* **Task to carry out**:
The listing below holds pictures; exclude them. Return exactly the lines from the one with "Pérouges classé parmi" through the one with "Coffee Whore featuring".

* **Records for the exercise**:
------------------------------------------------

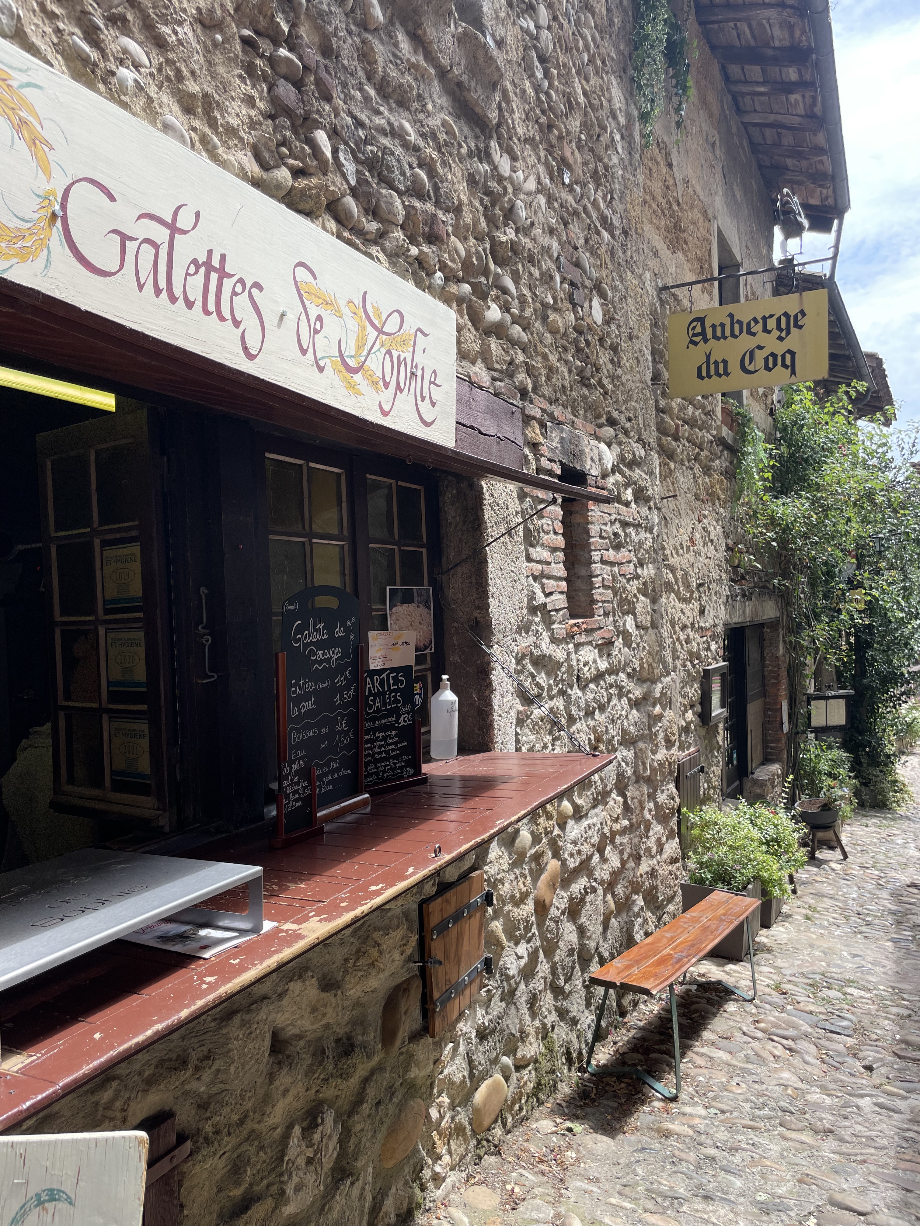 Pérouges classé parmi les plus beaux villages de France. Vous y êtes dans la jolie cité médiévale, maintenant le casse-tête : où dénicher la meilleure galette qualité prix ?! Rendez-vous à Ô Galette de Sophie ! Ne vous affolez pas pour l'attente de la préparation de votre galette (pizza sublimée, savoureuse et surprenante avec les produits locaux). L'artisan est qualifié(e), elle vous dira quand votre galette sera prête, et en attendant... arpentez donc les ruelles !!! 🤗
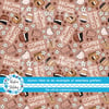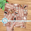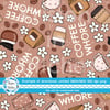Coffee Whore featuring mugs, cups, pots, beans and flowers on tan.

------------------------------------------------

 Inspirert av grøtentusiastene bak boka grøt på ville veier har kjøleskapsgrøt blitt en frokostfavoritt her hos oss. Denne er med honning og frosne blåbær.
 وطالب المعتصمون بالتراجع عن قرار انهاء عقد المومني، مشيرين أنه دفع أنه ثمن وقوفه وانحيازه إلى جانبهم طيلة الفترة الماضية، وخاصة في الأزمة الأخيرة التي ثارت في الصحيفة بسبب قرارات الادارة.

------------------------------------------------

* **Reply to the exercise**:
 Pérouges classé parmi les plus beaux villages de France. Vous y êtes dans la jolie cité médiévale, maintenant le casse-tête : où dénicher la meilleure galette qualité prix ?! Rendez-vous à Ô Galette de Sophie ! Ne vous affolez pas pour l'attente de la préparation de votre galette (pizza sublimée, savoureuse et surprenante avec les produits locaux). L'artisan est qualifié(e), elle vous dira quand votre galette sera prête, et en attendant... arpentez donc les ruelles !!! 🤗
Coffee Whore featuring mugs, cups, pots, beans and flowers on tan.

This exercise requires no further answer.